As part of the investment, Mubadala and L-Nutra will establish a local joint venture in Abu Dhabi to produce scientific medical nutrition therapies and longevity nutrition for the Middle East and North Africa region.
The two organisations have already begun delivering healthier nutrition and education programmes across seven Abu Dhabi schools.
Joseph Antoun, chairman and chief executive of L-Nutra, said: “We are on the cusp of enhancing human healthspan, adding years to our life and life to our years.
“As the world’s first nutri-technology company, we have spent decades advancing nutrition R&D and developing effective interventions that can be integrated within our healthcare system.
“By reformulating food into clinically validated nutrition programmes, we now can support patients and individuals seeking to embark on a healthy longevity journey.”

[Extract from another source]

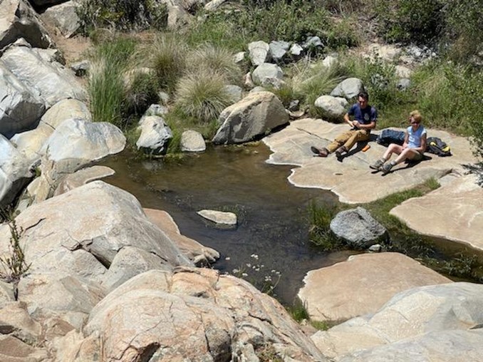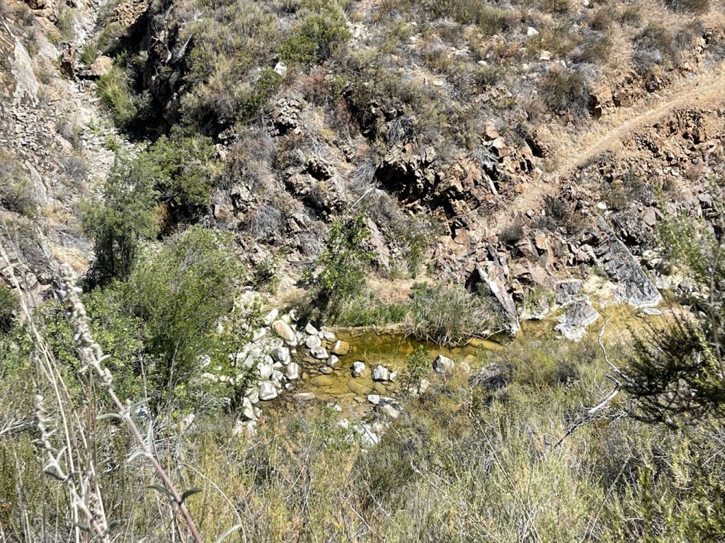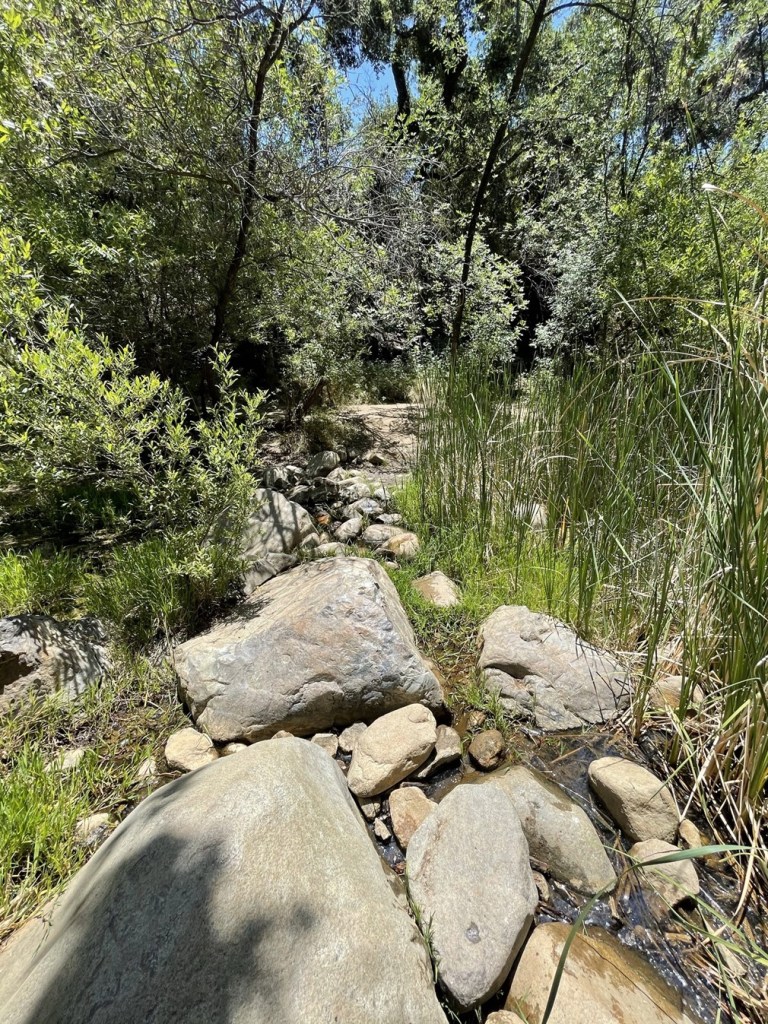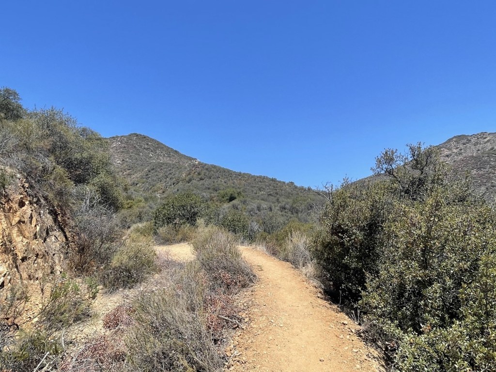 We soon reached the bottom of the canyon and found the creek to be dry. We crossed it and then reached Fisherman’s Camp at 1.9 miles. There were a few nice flat spots for camping (I forgot to take pictures here). We then backtracked a short way to a fork and went left onto the San Mateo Canyon Trail.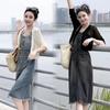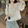 Cárdigan de punto con protector solar de seda de hielo para mujer, de verano, talla grande, cuello en V, color liso, fino, chal hueco, chaqueta exterior corta

The investment was led by Mubadala Investment Company, an Abu Dhabi sovereign investor with more than US$330bn in assets under management.
Ismail Ali Abdulla is executive director of UAE Clusters, at Mubadala’s UAE Investment Platform.
Abdulla said: “This investment reinforces Abu Dhabi’s ambition to expand as a regional hub for longevity science, preventive health, and advanced nutrition technologies, and operates as a natural extension of the sector capabilities we are building across the UAE’s emerging life sciences ecosystem.
“In addition to Mubadala Bio, our biomanufacturing and biotechnology national champion, we continue to execute Mubadala’s life sciences strategy by investing in innovative solutions that advance human health and longevity.”
Other investors include Brentwood Associates, a private equity firm; Stéphane Bancel, a biotech leader whose work at Moderna played a pivotal role in the fight against Covid; and 618 Ventures, a San Diego-based tech venture capital firm.
L-Nutra says it leads the discovery, design and commercialisation of nutrition for longevity and nutrition as medicine programmes.
In partnership with 18 global university research centres, the company has developed nutrition formulations that it says are inspired by precision nutrition and powered by cellular longevity science.
Its programmes, which it says are supported by 47 clinical trials and 137 granted patents, include Prolon for longevity and medical nutrition therapies for chronic conditions.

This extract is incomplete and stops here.